**TASK GOAL**
What needs reproducing is the run of lines in the data below starting at the line with "Server Hello 메세지에 해당하는 정보는 다음과 같습니다." and ending at the line with "Cappotto da donna", both ends included. Copy it exactly, without pictures, and add nothing.

**INFORMATION GIVEN**
☆ ☆ ☆
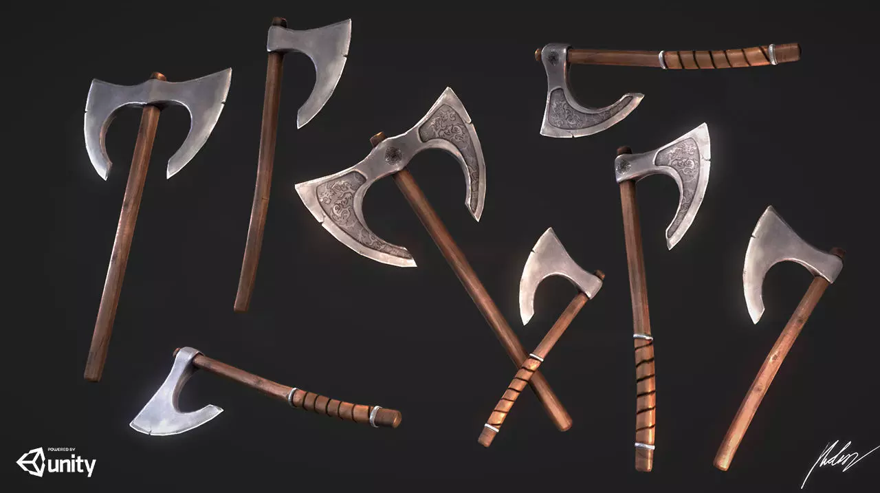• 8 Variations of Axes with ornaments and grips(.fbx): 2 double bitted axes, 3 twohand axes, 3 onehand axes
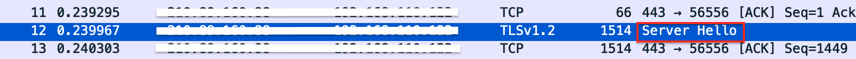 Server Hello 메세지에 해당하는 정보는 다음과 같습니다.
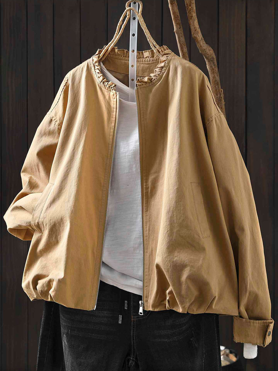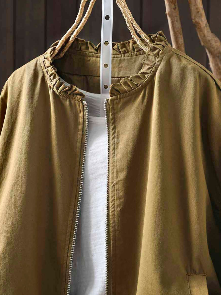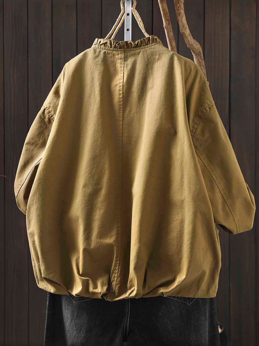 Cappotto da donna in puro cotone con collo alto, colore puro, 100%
☆ ☆ ☆
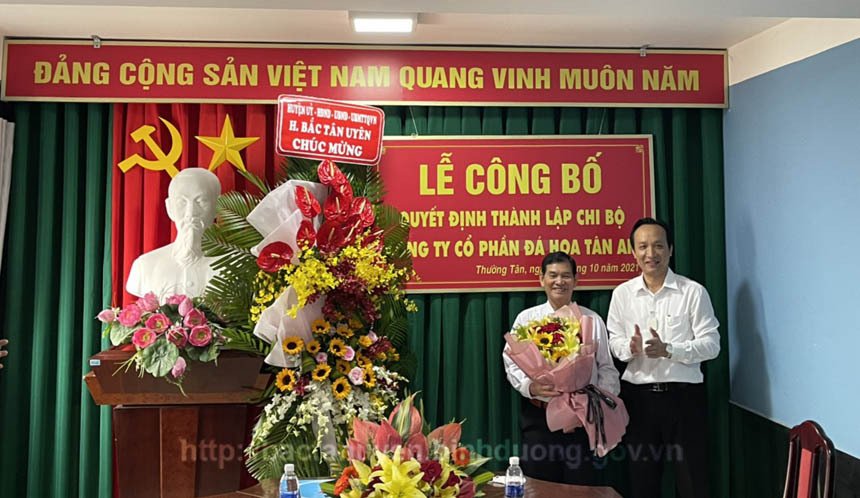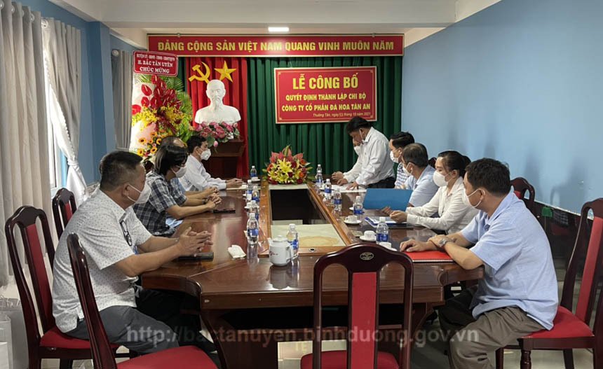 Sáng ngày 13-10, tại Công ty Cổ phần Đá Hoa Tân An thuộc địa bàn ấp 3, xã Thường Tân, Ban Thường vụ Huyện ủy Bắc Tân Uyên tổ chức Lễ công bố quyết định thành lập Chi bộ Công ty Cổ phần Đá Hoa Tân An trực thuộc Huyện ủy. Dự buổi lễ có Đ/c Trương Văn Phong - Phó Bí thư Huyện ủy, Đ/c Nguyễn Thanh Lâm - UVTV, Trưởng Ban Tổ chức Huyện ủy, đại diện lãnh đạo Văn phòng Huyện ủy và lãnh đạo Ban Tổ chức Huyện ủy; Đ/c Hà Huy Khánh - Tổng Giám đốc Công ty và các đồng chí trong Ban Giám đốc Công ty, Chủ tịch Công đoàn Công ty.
☆ ☆ ☆
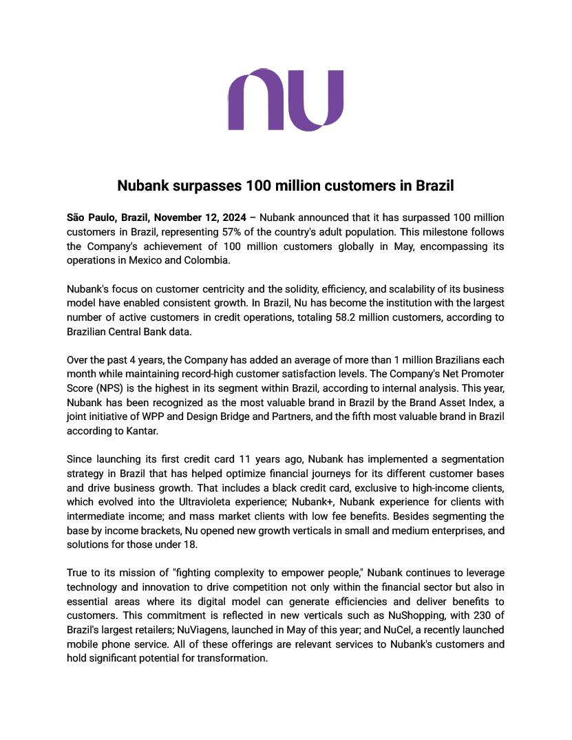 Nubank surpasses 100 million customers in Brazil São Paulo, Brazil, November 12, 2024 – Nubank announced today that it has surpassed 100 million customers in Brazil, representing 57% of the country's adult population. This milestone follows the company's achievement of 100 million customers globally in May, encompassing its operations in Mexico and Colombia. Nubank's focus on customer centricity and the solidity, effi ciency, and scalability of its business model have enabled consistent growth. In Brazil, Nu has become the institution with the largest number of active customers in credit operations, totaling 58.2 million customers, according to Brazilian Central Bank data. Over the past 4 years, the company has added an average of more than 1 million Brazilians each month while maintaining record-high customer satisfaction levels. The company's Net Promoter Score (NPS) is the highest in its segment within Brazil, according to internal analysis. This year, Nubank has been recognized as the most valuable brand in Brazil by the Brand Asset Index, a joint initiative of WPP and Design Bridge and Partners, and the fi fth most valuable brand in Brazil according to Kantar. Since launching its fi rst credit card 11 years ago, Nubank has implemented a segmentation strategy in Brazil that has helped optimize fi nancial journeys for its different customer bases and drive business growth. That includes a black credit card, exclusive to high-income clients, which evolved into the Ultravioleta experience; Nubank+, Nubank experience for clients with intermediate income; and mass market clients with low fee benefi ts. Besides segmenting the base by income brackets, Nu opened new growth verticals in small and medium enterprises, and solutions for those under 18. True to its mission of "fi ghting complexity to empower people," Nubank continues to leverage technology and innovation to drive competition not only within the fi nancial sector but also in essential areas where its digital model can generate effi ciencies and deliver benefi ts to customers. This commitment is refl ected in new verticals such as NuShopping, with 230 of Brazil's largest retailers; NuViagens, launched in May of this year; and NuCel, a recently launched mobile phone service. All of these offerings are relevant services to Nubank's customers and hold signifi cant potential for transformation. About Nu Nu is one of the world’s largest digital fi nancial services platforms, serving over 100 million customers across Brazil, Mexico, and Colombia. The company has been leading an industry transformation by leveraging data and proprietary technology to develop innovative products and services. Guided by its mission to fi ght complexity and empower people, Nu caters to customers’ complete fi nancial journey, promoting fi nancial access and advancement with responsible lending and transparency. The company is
☆ ☆ ☆
**ANSWER TO THIS EXERCISE**
 Server Hello 메세지에 해당하는 정보는 다음과 같습니다.
 Cappotto da donna in puro cotone con collo alto, colore puro, 100%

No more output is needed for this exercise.